Here’s the US dollar index – the US dollar measured against the currencies of its major trading partners – over the last five years. You can see the gains under Obama in 2014, followed by the fall under Trump in 2017.

This last month or two has been extraordinary. There appears to be some resistance around 95 on the chart, which might slow things down, but I don’t see why it can’t go further.

The pound was closing in on $1.44 two months ago. Now it’s sitting at $1.31 and staring down the barrel of descent into the $1.20s. It looks awful.

Yet the pound, much though it may not feel like it, is actually up on the year against the Canadian dollar, it’s up against the Aussie dollar, it’s up against the South African rand, it’s even up by a tiny amount against the euro. It’s down against the Japanese yen, Swiss franc and Singapore dollar, however. As currencies go, it is mid-ranking.

When you look at the relative valuations between the pound and the dollar, the pound seems “too cheap”. Most measures of purchasing power parity have fair value at $1.50 or $1.60. I had one email explaining that the right price should be phi – $1.618 – the “golden ratio”, which I rather liked.

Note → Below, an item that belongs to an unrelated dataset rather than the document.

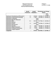 Übersicht Parkzonen Anlage 2 und Einnahmen aus zur SchrA 17/14 985 Parkraumbewirtschaftung Anzahl Anzahl Einnahmen aus Parkge- Parkzonen Stellplätze bühren Netto- erträge Bezirksamt Charlottenburg-Wilmersdorf 8 20.500 5,90 Mio. € 2,22 Mio. € Bezirksamt Friedrichshain-Kreuzberg 4 11.837 0,42 Mio. € 0,05 Mio. € Bezirksamt Lichtenberg keine Bezirksamt Marzahn-Hellersdorf keine Bezirksamt Mitte 13 26.153 11,07 Mio. € 2,82 Mio. € Bezirksamt Neukölln keine Bezirksamt Pankow 5 22.452 11,63 Mio. € 2,32 Mio. € Bezirksamt Reinickendorf keine Bezirksamt Spandau 4 2.941 0,62 Mio. € 0,07 Mio. € Bezirksamt Steglitz-Zehlendorf 3 6.900 1,94 Mio. € 0,60 Mio. € Bezirksamt Tempelhof-Schöneberg 5 7.125 1,86 Mio. € 0,16 Mio. € Bezirksamt Treptow-Köpenick keine Insgesamt 97.910 33,44 Mio. € 8,24 Mio. €

On a valuation basis alone, to head back into the $1.20s might seem too much. But forex trends are powerful things. They go on a lot longer than many expect – often for many years – and though the pound may be “too cheap” against the dollar, the euro is not.

Currently at $1.15, the euro was at $1.04 little more than a year ago. Shortly after the turn of the century it was 82c. There is plenty of “room” for further US dollar appreciation against it.

The political picture is tricky for both the euro and the pound

Politics also affects currencies. From my humble seat in southeast London – which is not on the pulse – I’d say that Britain and Europe both have greater political problems than the US.

The campaign to bring down Trump goes on, but Trump-haters are so loud and relentless that their effect, counter-intuitively, has been to make his position stronger. I don’t quite know how that works, that’s just what seems to be happening.  His approval ratings are high. That is dollar bullish.

The EU has Italy and Brexit to deal with, although it seems to be dealing with the latter much better than we are. It has greater economic problems than the US. Unemployment is high, growth weak, the central bank is still printing money and rates have not yet started rising (maybe when they do that will bring euro strength).

In the UK, on the other hand, the inability of our leadership to actually show leadership and administer Brexit is such that Britain could easily slip into some kind of constitutional crisis, unless it gets its act together – and that would be extremely pound bearish, of course.

I remain of the view that the pound is going higher in the years ahead, but my bullishness has been rather tempered by this recent move in the dollar and by the failure to administer Brexit.

Forex markets like security. The certainty of any kind of Brexit deal would deliver that, but instead we are getting constant, unresolved can-kicking (it’s one reason the pound and the euro are locked in such a tight range).

If we are to see the pound outperform both the euro and the dollar – and it should do, as it is undervalued against both – first, we need some clarity over Brexit. That means strong leadership, which we don’t have.  At the moment we are limping our way towards a fudge.

Then we need the right deal. Longer term, the most bullish scenario, in my view, is for Britain to become an independent, free-trading centre (the last thing the EU wants on its doorstep) with a well-managed currency and fiscal rectitude (pigs might fly). What will tie us most to the fate of the euro is the more-likely-looking fudged Brexit.

Here, for your reference, is the pound versus the euro over the last five years (when the line is high, the euro is strong).

On a longer-term basis you can see just how much “room” there is for euro to come back to something like 80p or lower. That would be normalisation. But its destiny – and ours – is in the hands of our leaders. Over to you, Theresa.